**Task statement**
Copy every entry exactly, but skip the pictures.

**Task material**
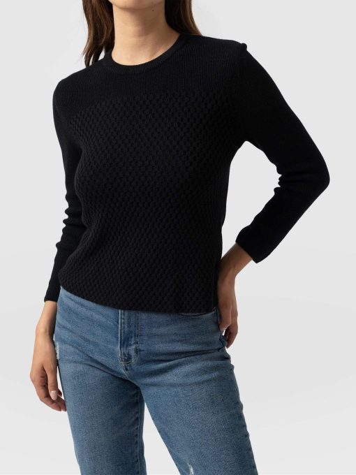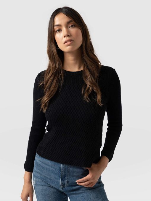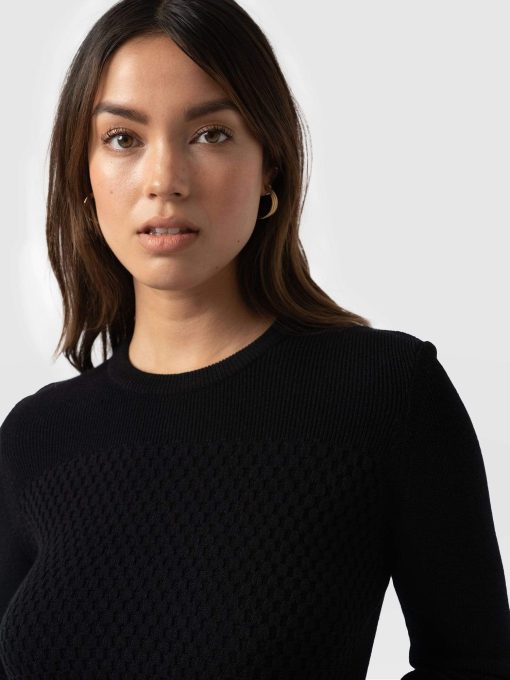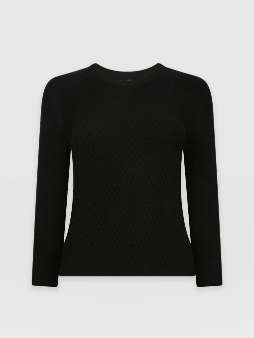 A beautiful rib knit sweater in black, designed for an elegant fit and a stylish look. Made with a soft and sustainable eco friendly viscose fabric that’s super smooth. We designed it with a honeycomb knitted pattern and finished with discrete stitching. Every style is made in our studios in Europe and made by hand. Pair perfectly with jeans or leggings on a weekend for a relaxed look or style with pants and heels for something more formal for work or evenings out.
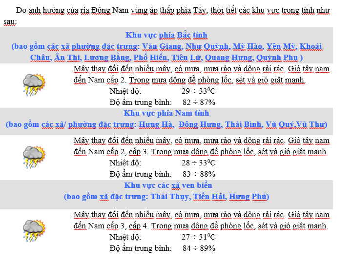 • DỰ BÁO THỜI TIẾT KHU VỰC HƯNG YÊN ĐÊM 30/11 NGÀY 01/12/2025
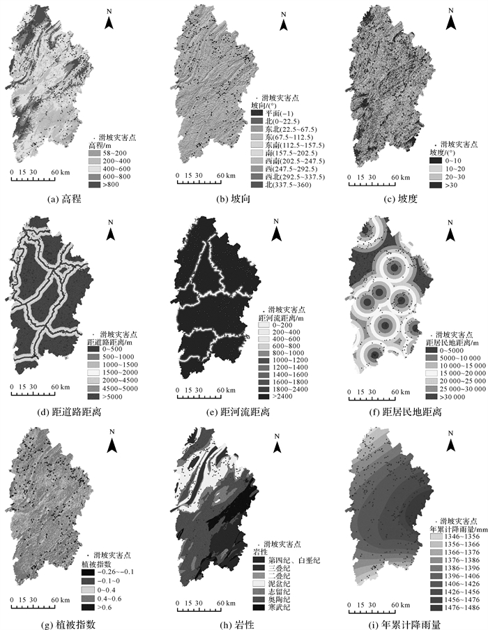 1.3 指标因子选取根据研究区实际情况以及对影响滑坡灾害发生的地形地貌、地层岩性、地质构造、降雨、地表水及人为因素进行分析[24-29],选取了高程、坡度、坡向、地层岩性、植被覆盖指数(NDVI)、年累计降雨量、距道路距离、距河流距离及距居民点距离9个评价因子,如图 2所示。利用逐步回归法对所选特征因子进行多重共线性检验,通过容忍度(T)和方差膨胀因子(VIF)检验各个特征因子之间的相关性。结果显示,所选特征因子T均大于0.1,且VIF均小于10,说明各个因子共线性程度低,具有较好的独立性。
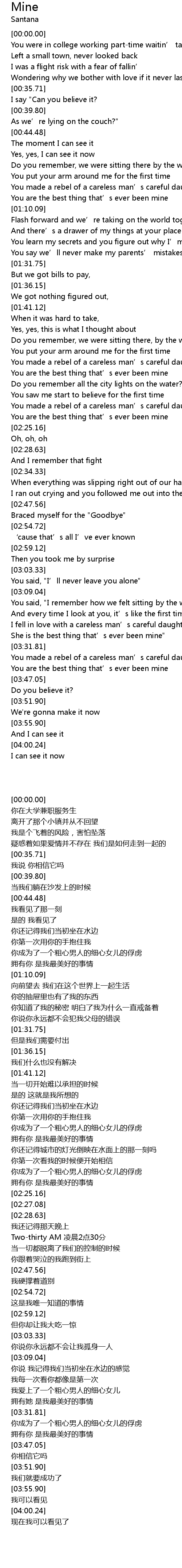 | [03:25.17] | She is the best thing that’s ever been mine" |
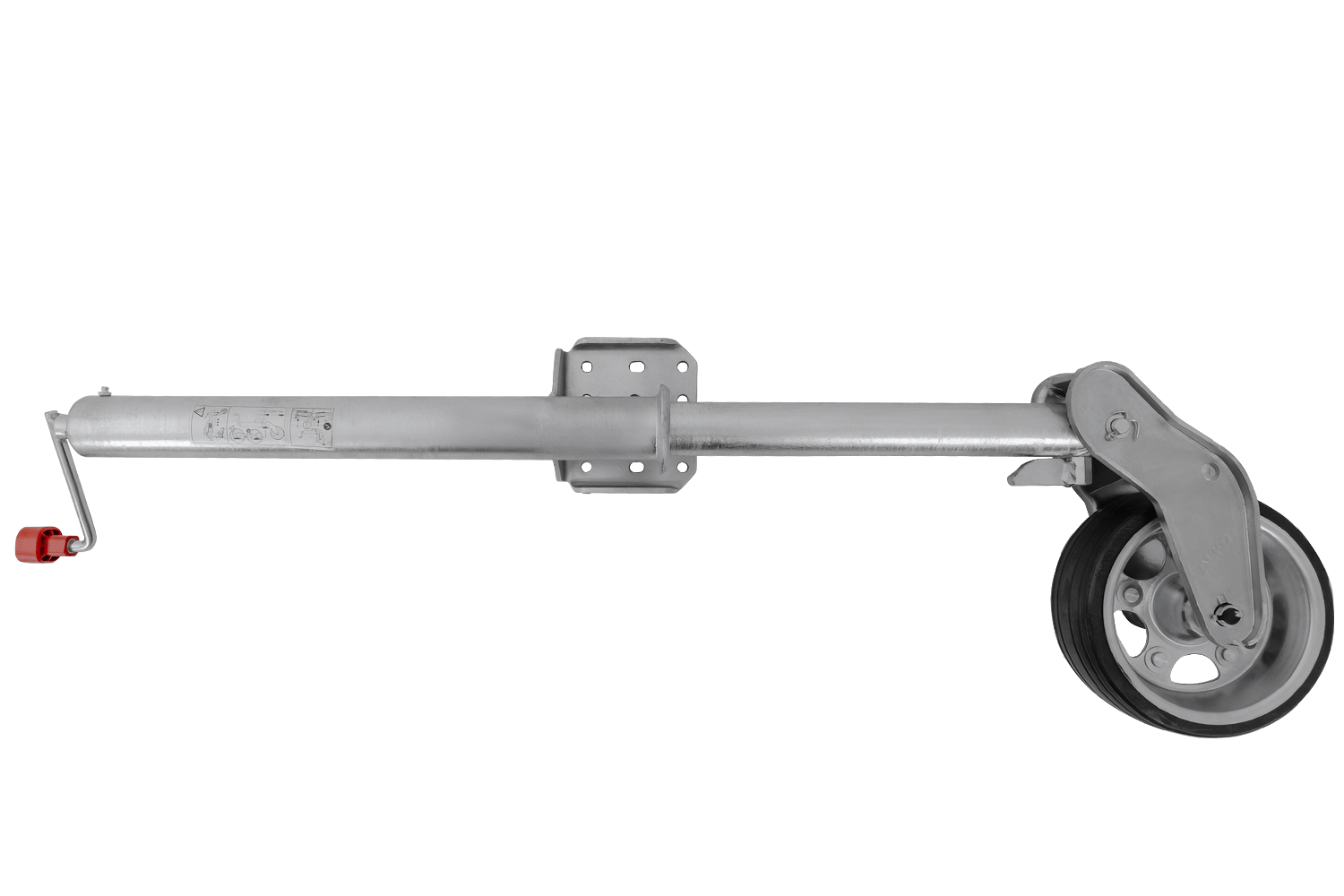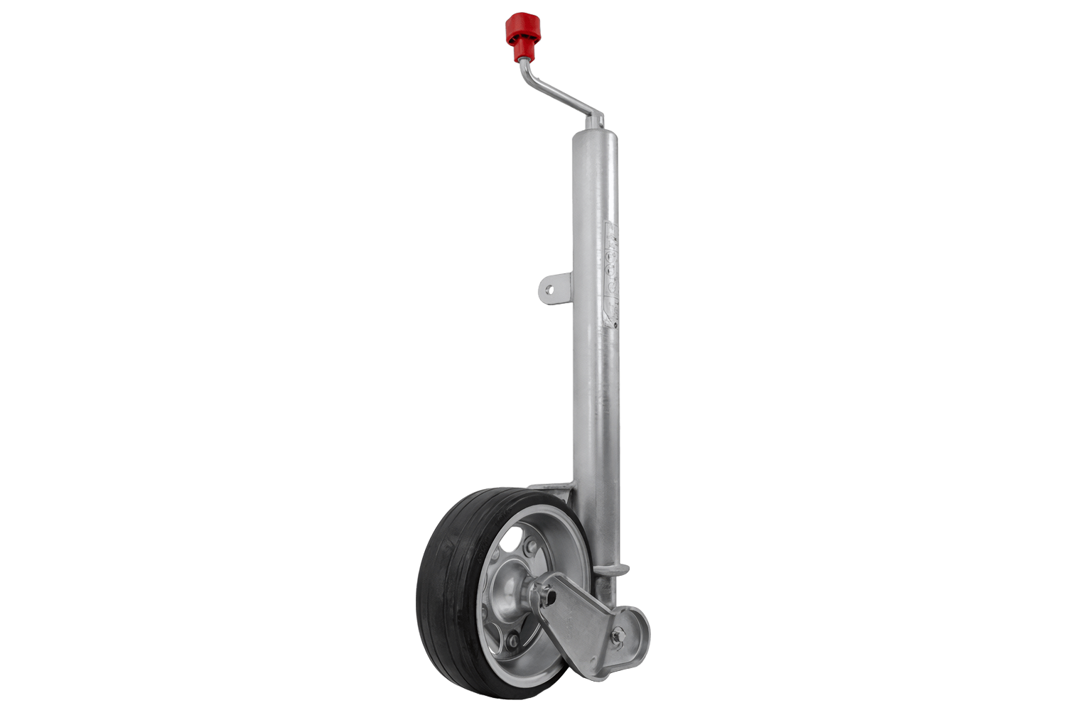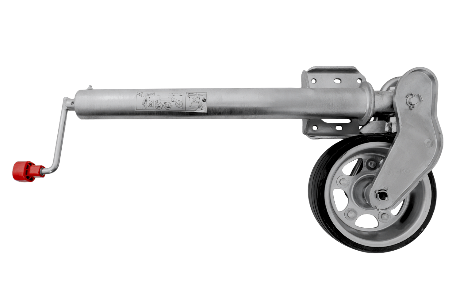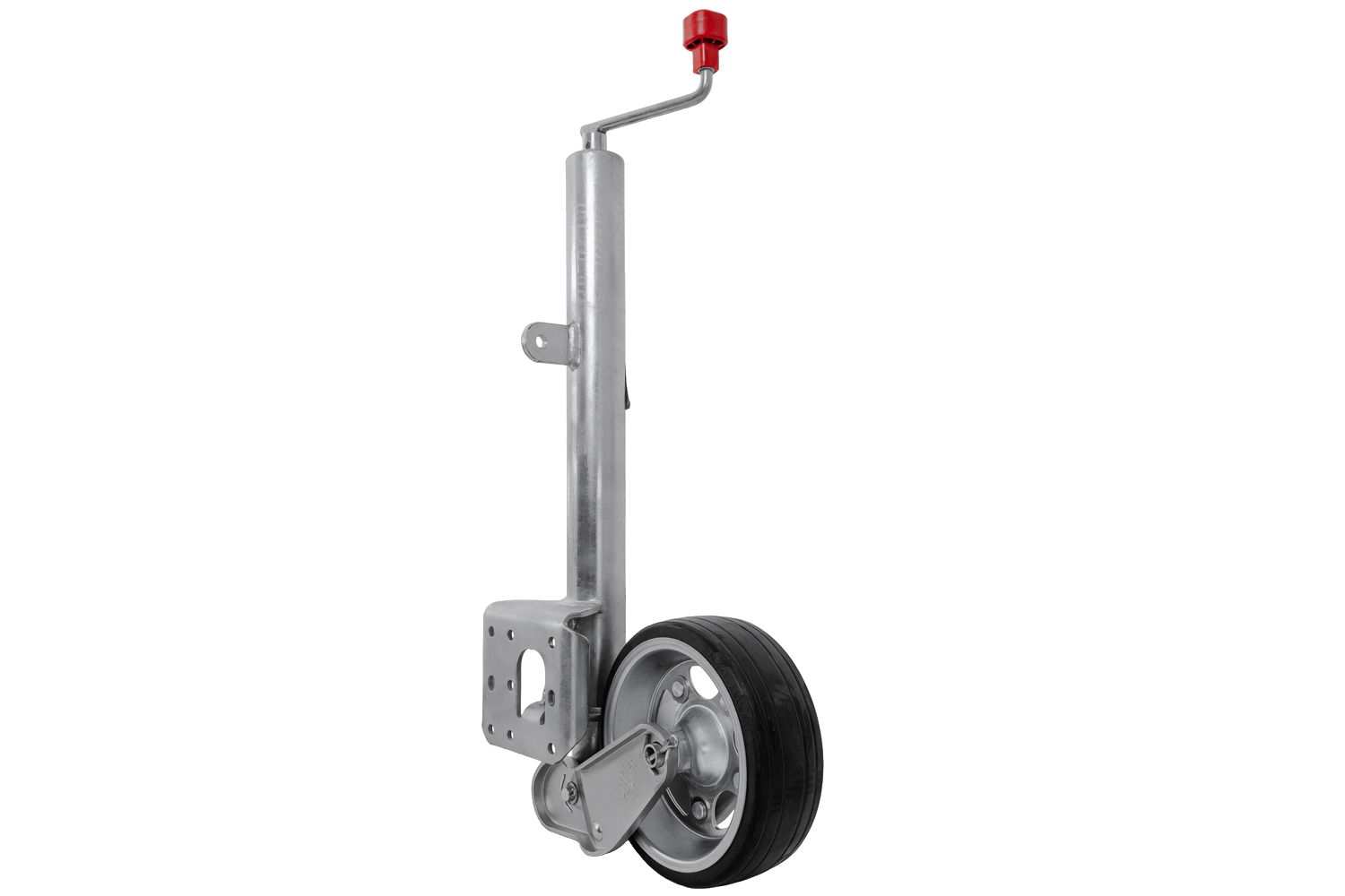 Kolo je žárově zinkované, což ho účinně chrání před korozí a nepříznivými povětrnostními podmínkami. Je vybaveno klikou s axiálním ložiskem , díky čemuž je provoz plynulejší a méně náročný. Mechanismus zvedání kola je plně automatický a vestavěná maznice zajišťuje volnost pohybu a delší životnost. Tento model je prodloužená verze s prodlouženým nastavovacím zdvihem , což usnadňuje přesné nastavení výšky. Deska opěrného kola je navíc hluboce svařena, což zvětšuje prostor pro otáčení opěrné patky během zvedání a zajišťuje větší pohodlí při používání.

**Written response**
 A beautiful rib knit sweater in black, designed for an elegant fit and a stylish look. Made with a soft and sustainable eco friendly viscose fabric that’s super smooth. We designed it with a honeycomb knitted pattern and finished with discrete stitching. Every style is made in our studios in Europe and made by hand. Pair perfectly with jeans or leggings on a weekend for a relaxed look or style with pants and heels for something more formal for work or evenings out.
 • DỰ BÁO THỜI TIẾT KHU VỰC HƯNG YÊN ĐÊM 30/11 NGÀY 01/12/2025
 1.3 指标因子选取根据研究区实际情况以及对影响滑坡灾害发生的地形地貌、地层岩性、地质构造、降雨、地表水及人为因素进行分析[24-29],选取了高程、坡度、坡向、地层岩性、植被覆盖指数(NDVI)、年累计降雨量、距道路距离、距河流距离及距居民点距离9个评价因子,如图 2所示。利用逐步回归法对所选特征因子进行多重共线性检验,通过容忍度(T)和方差膨胀因子(VIF)检验各个特征因子之间的相关性。结果显示,所选特征因子T均大于0.1,且VIF均小于10,说明各个因子共线性程度低,具有较好的独立性。
 | [03:25.17] | She is the best thing that’s ever been mine" |
 Kolo je žárově zinkované, což ho účinně chrání před korozí a nepříznivými povětrnostními podmínkami. Je vybaveno klikou s axiálním ložiskem , díky čemuž je provoz plynulejší a méně náročný. Mechanismus zvedání kola je plně automatický a vestavěná maznice zajišťuje volnost pohybu a delší životnost. Tento model je prodloužená verze s prodlouženým nastavovacím zdvihem , což usnadňuje přesné nastavení výšky. Deska opěrného kola je navíc hluboce svařena, což zvětšuje prostor pro otáčení opěrné patky během zvedání a zajišťuje větší pohodlí při používání.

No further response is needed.